1 Introduction

There is considerable interest in radiation dosimetry resulting from photon interaction and photon energy-absorption, especially in medical applications such as radiology and radiation protection. The method in which photons are dissipated in a medium is complicated, and the nature of the mechanism that may occur depends on the photon energy and atomic number of the material. The atomic number for a complex medium (e.g., a biomolecule) is not constant but varies with the photon energy and called the effective atomic number [1]. In fact, there are two types of effective atomic number: the effective atomic number for photon interaction and the effective atomic number for photon energy absorption. $Z_{{\text{PI}}_{\text{eff}}}$ is more common because it can be obtained experimentally by using the transmission geometry from the mass attenuation coefficient (μ/ρ), which is a convenient parameter for representing the photon interaction.

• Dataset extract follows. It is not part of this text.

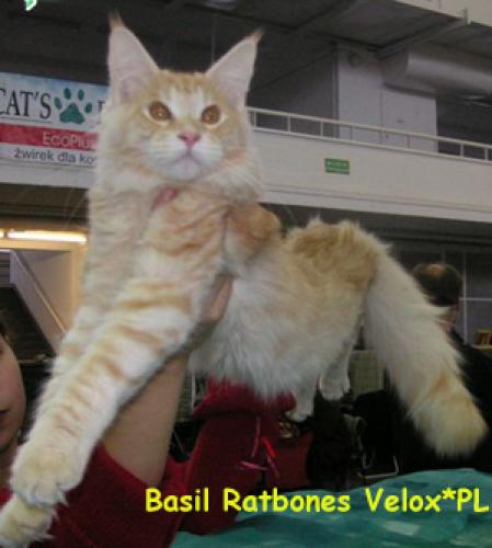 W przeciwieństwie do Floyda, Basil postawił na "kulturystykę" – jego ciało jest sprężyste i muskularne co podziwiają sędziowie i jest zaznaczone w kazdej ocenie wystawowej. Jedzenie nie jest dla niego najważniejsze ale zawsze jest "w okolicy" kiedy zbliża się pora karmienia. Do miski nie spieszy się, powiedziałabym, że podchodzi z godnością :))))))) Zawsze ustąpi kotce lub dziecku i poczeka obok. Uwielbia położyć się w ciepełku rozchodzącym się od kominka i pospać na baraniej skórce, a poza tym WIELKI przyjaciel Modraska..."

Similarly, $Z_{{\text{PEA}}_{\text{eff}}}$ is more useful for dose calculation [2], and it can be obtained from the energy absorption coefficient (μ_en/ρ), which is a convenient parameter for representing the photon-energy absorption in a complex medium [3-6]. The parameters of μ/ρ and μ_en/ρ are comprehensively discussed in the first two chapters of a book edited by Hine and Brownell [7]. In this book, the mass attenuation coefficient was referred to as the total absorption coefficient, and the mass energy absorption coefficient as the true absorption coefficient. These coefficients are related by the equation [μ/ρ = μ_en/ρ + μ_s/ρ], where μ_s/ρ is the scatter absorption coefficient. Briefly, μ/ρ is a measure of the probability of collision between the photon and material in units of mass per unit area. By contrast, μ_en/ρ is a measure of the average fractional amount of incident photon energy transferred to the kinetic energy of charged particles as a result of these interactions [8]. These basic quantities, which have been widely used as a reference database, were provided in numerous tabulations and software [9-13].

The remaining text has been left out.